Abstract

SUMMARY Many of the natural materials studied in rock and environmental magnetism contain a mixed assemblage of mineral grains with a variety of different origins. Mathematical decomposition of the bulk magnetic mineral assemblage into populations with different properties can therefore be a source of useful environmental information. Previous investigations have shown that such unmixing into component parts can provide insights concerning source materials, transport processes, diagenetic alteration, authigenic mineral growth and a number of other processes.

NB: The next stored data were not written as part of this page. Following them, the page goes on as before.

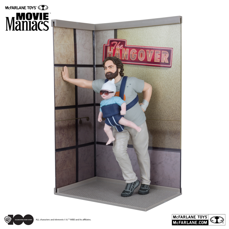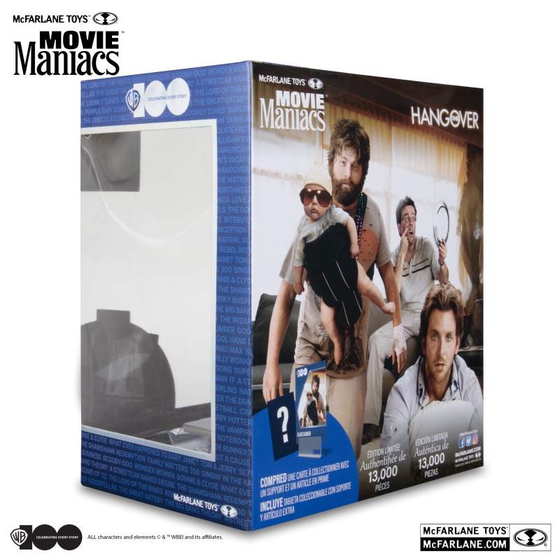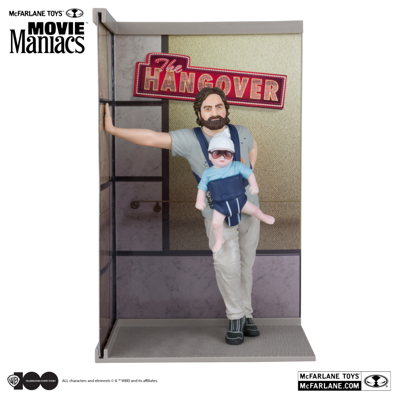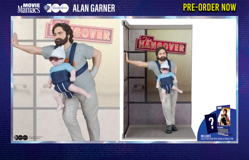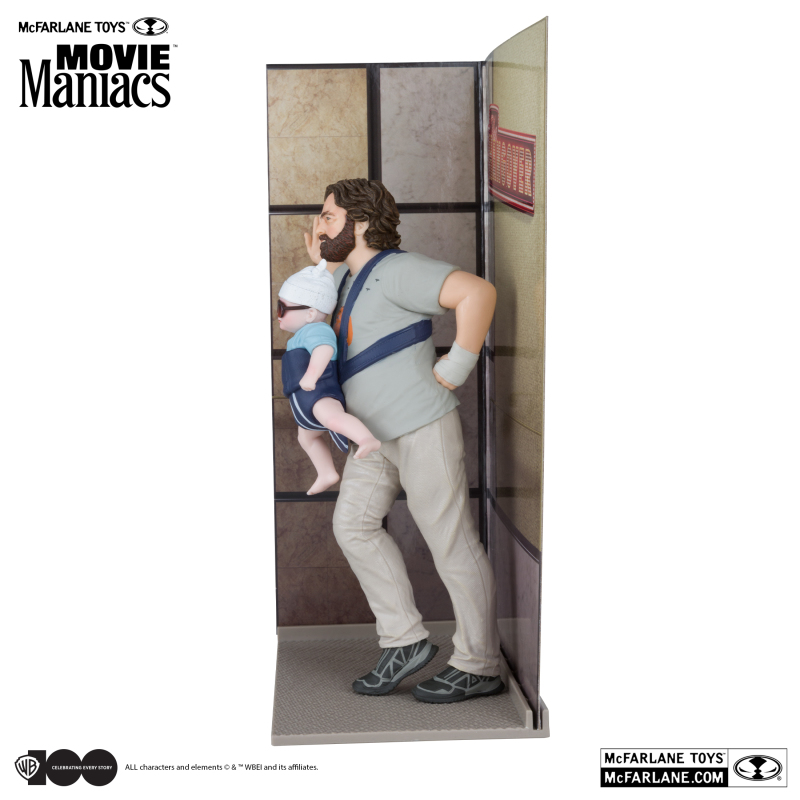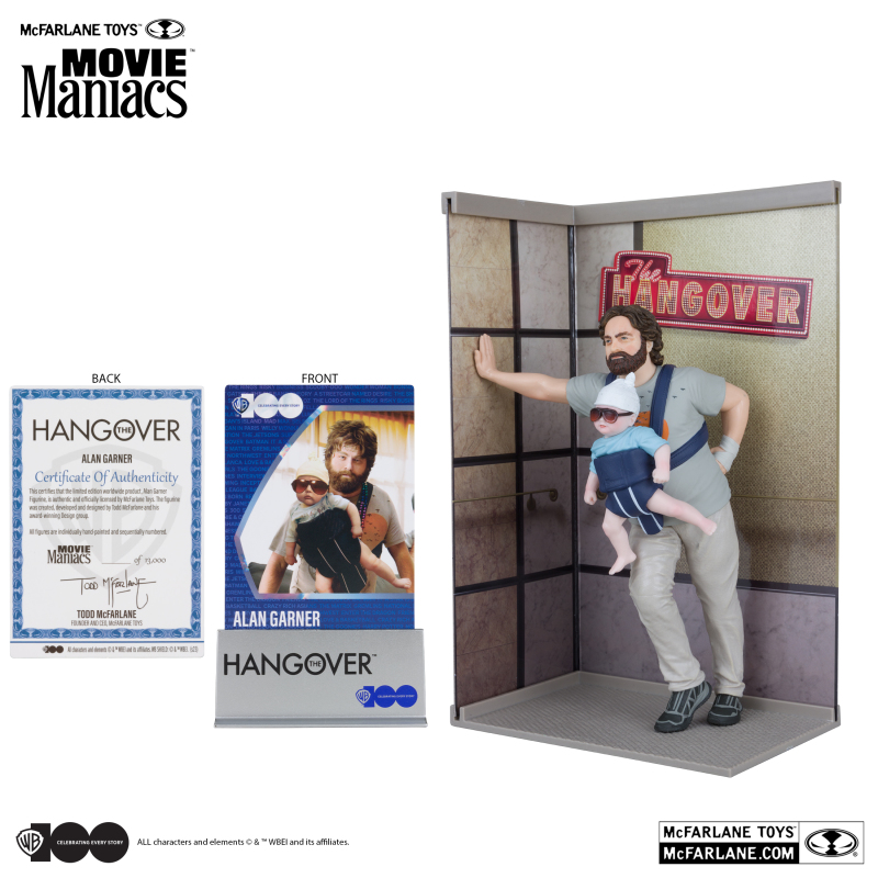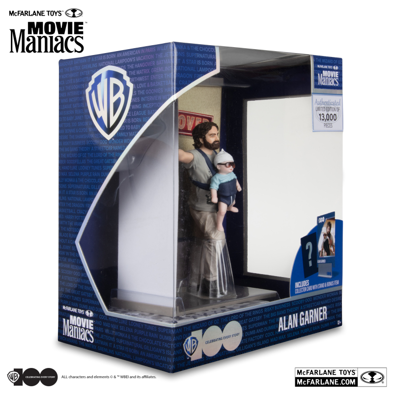 MOVIE MANIACS「艾倫·嘉納」6吋模型,尺寸全高約 15 公分,精緻刻劃出演員查克·葛里芬納奇在戲中飾演艾倫的造型:一臉標誌性的大鬍子、微胖的體型,當然胸前掛著的神秘小BABY更是一大亮點!整體採用在一手插腰一手撐著牆面的姿勢,搭配 WB100 週年紀念的主題櫥窗包裝盒,盒內印有《醉後大丈夫》的電影LOGO,還原電影海報當中荒謬又可愛的模樣~另外還附有一張真品證書的藝術卡及驚喜小卡。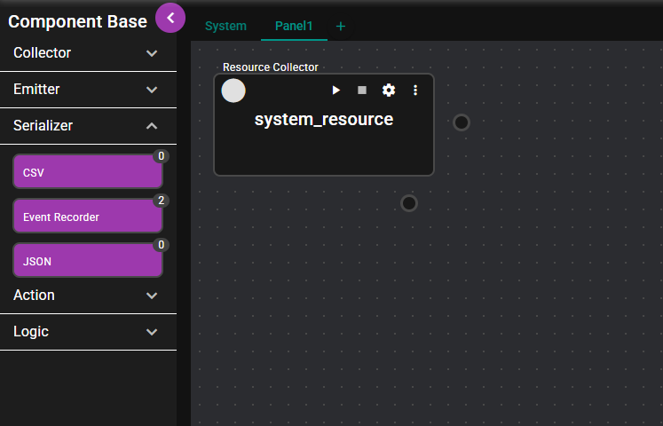 Drag "Resource Collector" and drop it on the panel.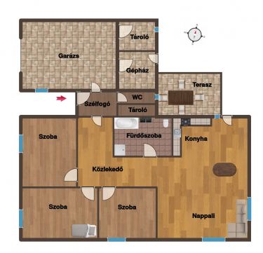 Az közlekedőből nyíilik 3 hálószoba, egy fűrdőszoba WC -vel és egy amerikai konyhás nappali. A ház rendelkezik egy kisebb tárolóhelyiséggel bent az ingatlanban.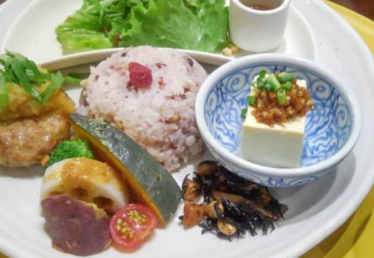 ヘルシーなお野菜たっぷりの定食で、ご飯は五穀米です。おいしくてお値段もお手頃でした。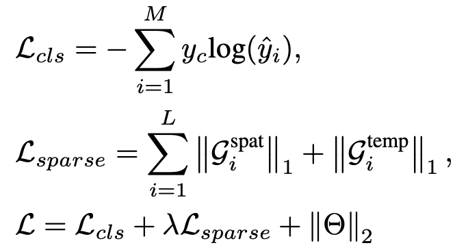 。这个公式和ST-GCN很相似,只不过ST-GCN中只有三个不同的空间图,没有时间图。因此本文的工作实际上就是在ST-GCN的基础上,增加了两个额外的邻接矩阵策略,其他地方没有明显改动。优化时不仅使用分类损失函数,还使用图稀疏损失函数,以确保图的稀疏性:

A new approach will be presented that performs a linear unmixing of remanence data into coercivity based end-members using only a minimal number of assumptions. A non-negative matrix factorization (NMF) algorithm for unmixing remanence data into constituent end-members is described with case studies to demonstrate the utility of the approach. The shape of the end-members and their abundances obtained by NMF is based solely on the variation in the measured data set and there is no requirement for mathematical functions or type curves to represent individual components. Therefore, in contrast to previous approaches that aimed to unmix curves into components corresponding to individual minerals and domain states, NMF produces a genetically more meaningful decomposition showing how a data set can be represented as a linear sum of invariant parts. It has been found that the NMF algorithm performs well for both absolute and normalized remanence curves, with the capacity to process thousands of measured data points rapidly.